Modelagem e expectativas
Guillen disse que uma das divergências entre as projeções do mercado e da autoridade monetária está na leitura sobre o hiato do produto, medida que compara o nível de atividade econômica com seu potencial. “Todos concordamos que o hiato está positivo, mas há divergência sobre como ele vai evoluir nos próximos seis ou oito meses”, afirma.
De acordo com o diretor, muitos agentes do mercado incorporam em suas projeções estímulos fiscais ainda não anunciados, o que leva a estimativas mais altas de crescimento e inflação. O BC, por outro lado, mantém suas projeções baseadas em medidas já implementadas ou formalmente divulgadas, buscando evitar incorporar hipóteses especulativas. Essa diferença de abordagem ajuda a explicar por que as projeções do Boletim Focus para a inflação (5,1% em 2025 e 4,4% em 2026) permanecem acima das estimativas do BC.
No BC, expectativas de inflação, hiato do produto, projeções e inflação corrente são avaliadas em conjunto, sem atribuir peso maior a um único fator. Para Guillen, mesmo que o modelo aponte inflação na meta, expectativas persistentemente acima dela exigem atenção, pois elevam o custo de desinflação e podem forçar a manutenção de juros altos por mais tempo.
Fórum JOTA
O encontro, que contou com a abertura de Diogo Guillen, segue com nomes como Guilherme Mello, secretário de Política Econômica do Ministério da Fazenda, Gustavo Guimarães, secretário executivo do Ministério do Planejamento, e Gleisi Hoffmann, ministra da Secretaria de Relações Institucionais do Governo. O objetivo é discutir a conjuntura e o futuro do Brasil com lideranças, e promover diálogo entre os setores público e privado.
Na abertura, Felipe Moreno, CEO do Jusbrasil Soluções, disse que há um encontro de valores entre JOTA e a empresa: “Promover o acesso à justiça, à segurança jurídica, e o acesso à informação qualificada é indispensável para o futuro do país”.

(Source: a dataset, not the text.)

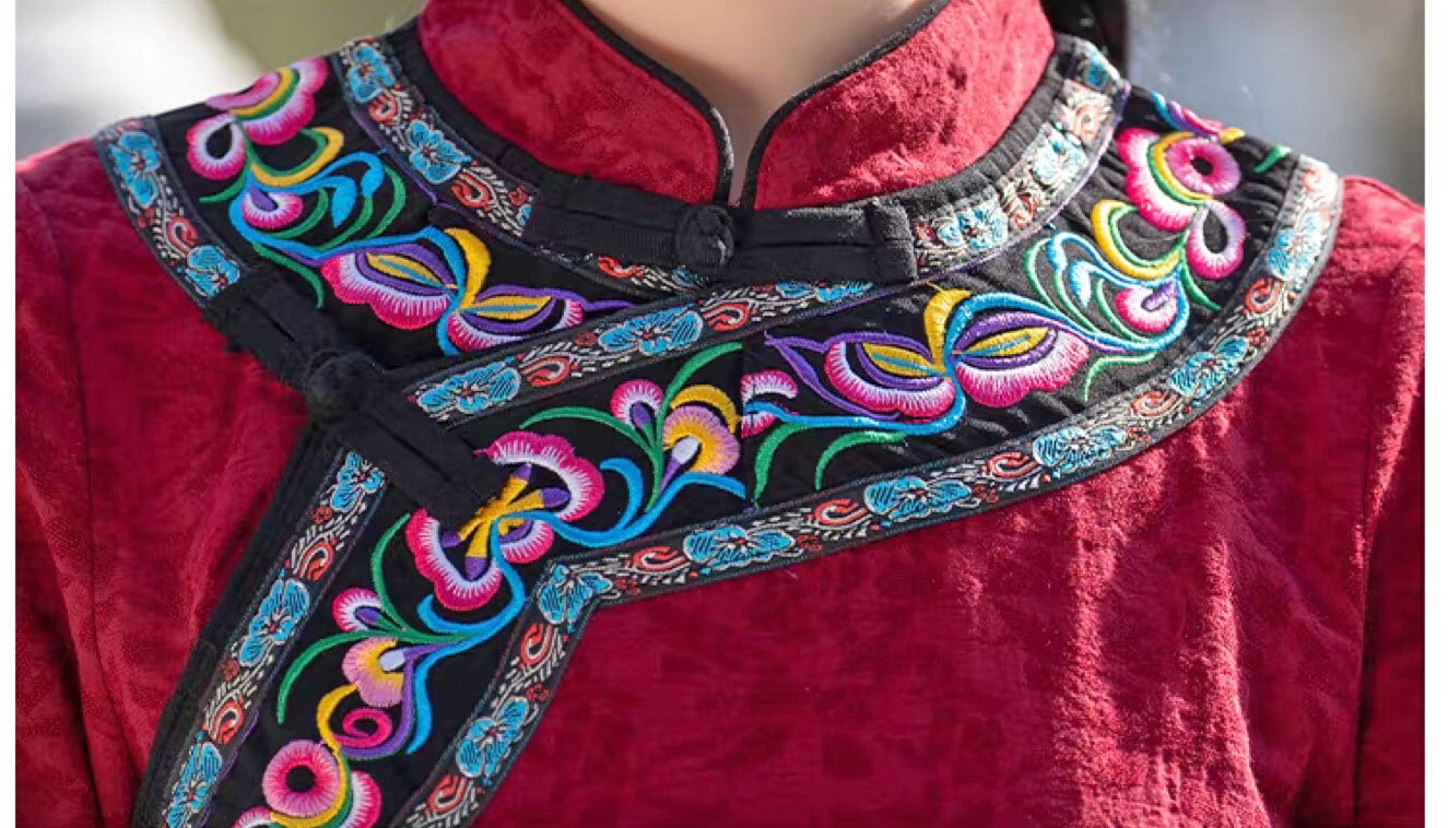目を引くのは、襟元から胸元にかけて施された緻密な刺繍デザイン。落ち着いた色味のボディに鮮やかな糸が映え、お顔周りをパッと明るく、華やかに演出してくれます。袖口や裾にも同様の刺繍を施すことで、どこから見ても抜かりのない完成された一着に仕上げました。

Depois Alexandre Vitorino, diretor jurídico da Confederação Nacional da Indústria (CNI), um dos patrocinadores do Fórum, também teve a palavra. Para ele, uma das prioridades de diálogo para maior segurança jurídica nas áreas econômicas é o mercado de trabalho, com foco nas novas modalidades de trabalho. “As novas formas de trabalho não são formas de exploração, mas formas de diversificação”, disse. “O Brasil vem se adaptando a essa realidade, mas precisamos avançar”.